II. Changes to the Privacy Policy
As the OPC, its membership, services change from time to time, this Privacy Policy is expected to change as well. We reserve the right to amend the Privacy Policy at any time, for any reason. The date of the last revision to the Privacy Policy will be indicated by the "Effective Date" at the bottom of this page.
III. Types of Data We Collect
Personal Data
We collect information that enables the OPC to identify or contact you (“Personal Data”) to carry out its purposes. OPC Sites collect this information for a variety of reasons, including but not limited to, applying for membership, or otherwise interacting with the OPC.
The types of Personal Data we collect include, but are not limited to:
General data (e.g., names, email addresses, mobile/landline business/personal telephone numbers that are provided by our members)
Non-Personal Data
We collect information that does not directly identify you as you interact with our Sites (“Non-Personal Data”). The types of Non-Personal Data we collect includes, but is not limited to:
Site usage (e.g., date/time stamp, time on Site)

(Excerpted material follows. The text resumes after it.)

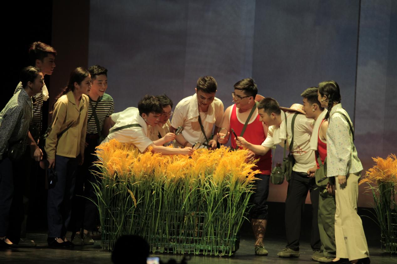 师生排演校园原创话剧《问稻》。

Your industry and business (e.g., company location, job functions and seniority levels)
IV. How We Use Your Data
In addition to the uses described above, we use your Personal Data, sometimes combined with Non-Personal Data, in a variety of ways including, but not limited to the below, in order to:
Personal Data
Identify you when you visit our Sites
Provide communications such as messages
Respond to your messages
Non-Personal Data
We use Non-Personal Data to improve the usability of our Sites and for other reasons.
V. How We Share Your Data
We share your Personal Data, sometimes combined with Non-Personal Data, in a variety of ways including, but not limited to the below:
Share data with third parties to fulfill service requests and to perform functions.

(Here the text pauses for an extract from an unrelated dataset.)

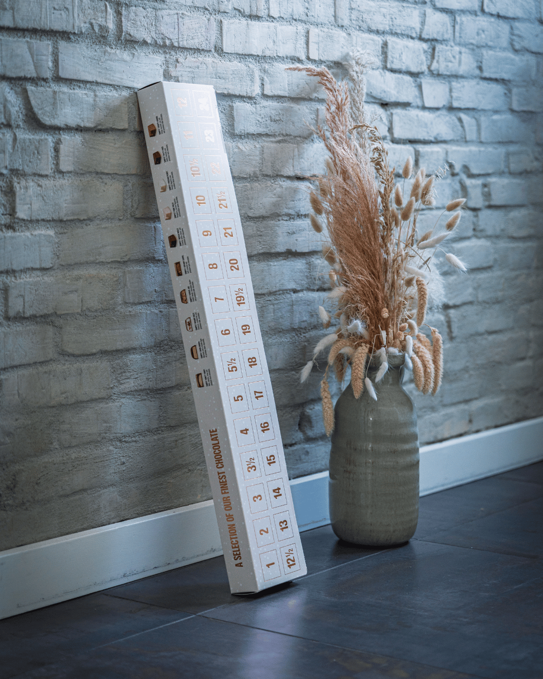 Tre af dem er fyldt med vores prisvindende premium chokolade i smagskombinationer som karamelcrunch, saltede mandler, persisk lakrids, marcipan, mint og cookie dough, alt sammen skabt på vores danske chokoladefabrik. Er én chokolade om dagen ikke nok, kan du vælge Simply® For Sharing med to stykker bag hver låge.

Share data with third parties as required by law or to protect the OPC in the good-faith belief that such action is necessary to: (a) conform to legal requirements or comply with legal process served on the OPC; (b) protect and defend the OPC’s rights or property; or (c) protect the personal safety of OPC personnel or members of the public in appropriate circumstances.
Share data with third parties under other unanticipated situations, but only with your consent.

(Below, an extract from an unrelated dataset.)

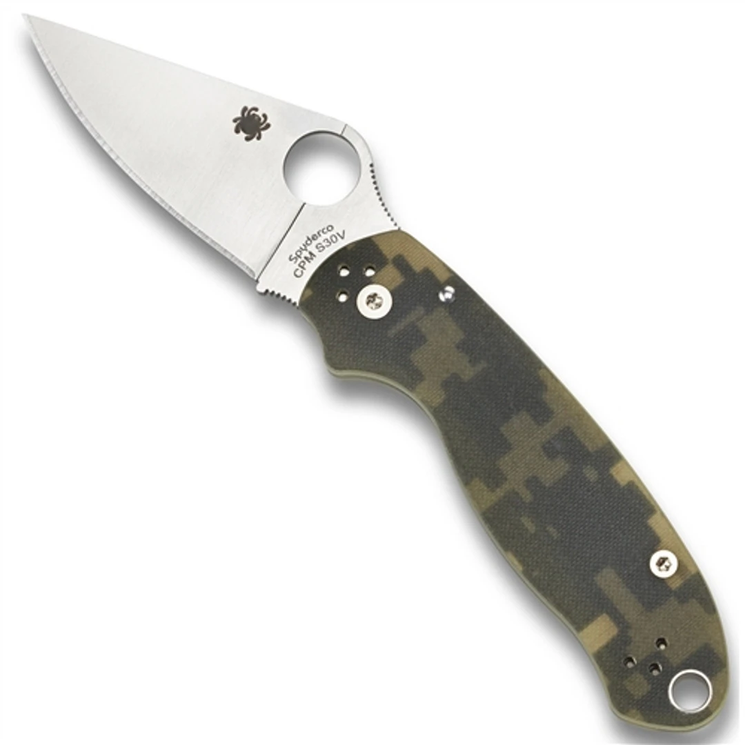 The Para 3 folder model was designed through the original concept of the ever-so-popular Spyderco Paramilitary series but never quite made it into production. At last, after much anticipation and suggestions from the beloved family of Spyderco lovers worldwide, the Para 3 is ready to launch into the hands of the consumer. The Paramilitary 2 has been regarded as one of the most popular folder knives ever created and so the Spyderco Para 3 offers the same exceptional performance and reliability but in a more compact and pocket-friendly design. Each model features a premium stainless steel blade that is supported by Spyderco’s patented Compression Lock™ mechanism–allowing users to safely close the blade with one hand without ever having the operating hand come near the cutting edge. Much like the design of Paramilitary 2, it still features a slightly flared handle base as well as the integrated jimping which provides increased control with any cutting job. This model, the C223GPCMO, features a digi camo G-10 handle, a satin finished clip point blade, Spyderco’s trademark round hole opening feature and an ambidextrous 4-way positional pocket clip which allows for a tip up or tip down carry option on either side of the handle. Made in the USA.

VI. How You Can Manage the Processing of Your Data
Our processing of your data is based upon your consent, or compliance with law. You have the right to object to our processing of your data or to restrict our processing of your data. In addition, if you have consented to the processing of your Personal Data, you have the right to withdraw your consent at any time.
Definition of Terms. – Whenever used in this Act, the following terms shall have the respective meanings hereafter set forth:
(a) Commission shall refer to the National Privacy Commission created by virtue of this Act.
(b) Consent of the data subject refers to any freely given, specific, informed indication of will, whereby the data subject agrees to the collection and processing of personal information about and/or relating to him or her. Consent shall be evidenced by written, electronic or recorded means. It may also be given on behalf of the data subject by an agent specifically authorized by the data subject to do so.
(c) Data subject refers to an individual whose personal information is processed.
(d) Direct marketing refers to communication by whatever means of any advertising or marketing material which is directed to particular individuals.
(e) Filing system refers to any act of information relating to natural or juridical persons to the extent that, although the information is not processed by equipment operating automatically in response to instructions given for that purpose, the set is structured, either by reference to individuals or by reference to criteria relating to individuals, in such a way that specific information relating to a particular person is readily accessible.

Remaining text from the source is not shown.